Юный Августин был натурой живой и чуткой, до крайности восприимчивой; слишком уверовав в свои способности, он занимался кое-как. Сначала учился в Тагасте, затем на грамматических курсах в Мадавре, намереваясь стать ритором. Гомер и греческая словесность его не задели. Он увлекался Виргилием и плакал над несчастьями Дидоны.
Августину было шестнадцать лет, когда за недостатком семейных средств он оказался предоставлен самому себе. Праздность к добру не ведет. Он тут же связался с дурной компанией. В 371 г. он продолжил занятия риторикой и правом в Карфагене, где его захлестнул «клокочущий жар нечистых вожделений». Связь с женщиной, имени которой он нигде не называет, матерью Адеодата, успокоила его чувства.
Успехи на поприще учебы преисполнили его гордыней: он был всему обязан не деньгам и не семье, а собственному таланту. Религия матери казалась ему «бабьими россказнями». Но неверие для него было мучительным. Неизбывная тревога терзала ему душу, он чувствовал себя загнанным, еще не ведая, что это и есть замысел Божий. Чтение Цицерона пробудило в нем «охоту к любомудрию». Читал он и Библию, но, подобно Иерониму и многим другим тогдашним сильным умам, не мог примириться с грубым языком Писания.
Ученики Мани уловили его в свои сети. Они объясняли противоречия и неустройство мира, исходя из принципа двойственного владычества Добра и Зла. За два века эта религия персидского происхождения широко распространилась в Средиземноморье и нередко торжествовала над христианством. Сначала Августин с восторгом приобщался к манихейству, но затем потерял вкус к этой невыпеченной мифологии с ее путанным вероучением и нравственной дряблостью. Подобные «таинства» не могли успокоить грызущей его тревоги, не давали ответа на мучительные и насущные загадки бытия.
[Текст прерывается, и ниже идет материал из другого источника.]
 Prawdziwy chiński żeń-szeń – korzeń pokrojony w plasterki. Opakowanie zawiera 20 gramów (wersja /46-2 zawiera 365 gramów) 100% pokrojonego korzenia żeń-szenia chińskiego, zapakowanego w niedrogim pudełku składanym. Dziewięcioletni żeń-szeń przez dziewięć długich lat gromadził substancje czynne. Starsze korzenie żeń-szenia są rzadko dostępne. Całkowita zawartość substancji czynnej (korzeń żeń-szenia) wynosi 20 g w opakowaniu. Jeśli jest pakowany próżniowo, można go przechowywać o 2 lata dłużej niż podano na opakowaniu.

Тем временем Августин стал педагогом, сначала в Тагасте, и преподавал в общей сложности тринадцать лет. На вершине успеха он перебрался из Тагаста в Карфаген, оттуда в Рим и, наконец, в Милан, тогдашнюю столицу Римской империи (384 г.). Августин умел завоевать аудиторию, ученики были от него без ума; впрочем, бывал он и освистан, как поначалу в Карфагене, но и там его быстро оценили. Все привлекало в нем молодежь; он и сам был молод, не по годам умен и начитан, прекрасно владел словом, обращенным к сознанию и к сердцу. Юношеские невзгоды остались позади, и вчерашний стипендиат питал честолюбивые замыслы, «пробовал почву» в Риме, рассчитывая на какой-нибудь правительственный пост. Душа его не знала покоя, ни в чем не находила удовлетворения, он желал одного, а устремлялся к другому, плоть пребывала в постоянном борении с духом. «Два человека живут во мне…»
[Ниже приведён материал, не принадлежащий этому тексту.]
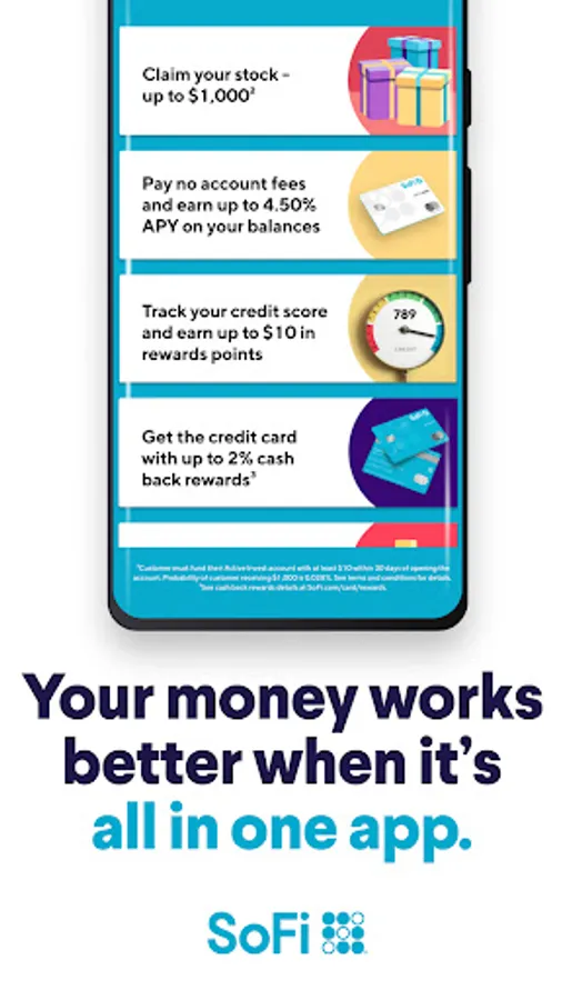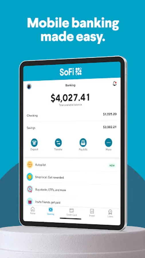 SoFi is mobile banking made easy. If you’re interested in investing, you can get up to $1000 in free stock when you fund a SoFi Invest account. Our app enables you to pay bills, find ATMs, send money, make mobile deposits, and more.

Милан стал важнейшей вехой на его пути к Богу. Туда к нему приехала и Моника; она заставила сына порвать отношения с матерью Адеодата. Любил ли он ее? В «Исповеди» о ней не сказано ни одного проникновенного слова, впрочем, это еще ничего не доказывает. Но скорее всего, влечение полов казалось ему лишь плотской утехой, похотью; поэтому он и не сумел разработать богословского учения о браке, где любви воздавалось бы должное. Сам он не изведал истинной любви, знал лишь беззаконное сожительство, к которому подтолкнула его юношеская пылкость.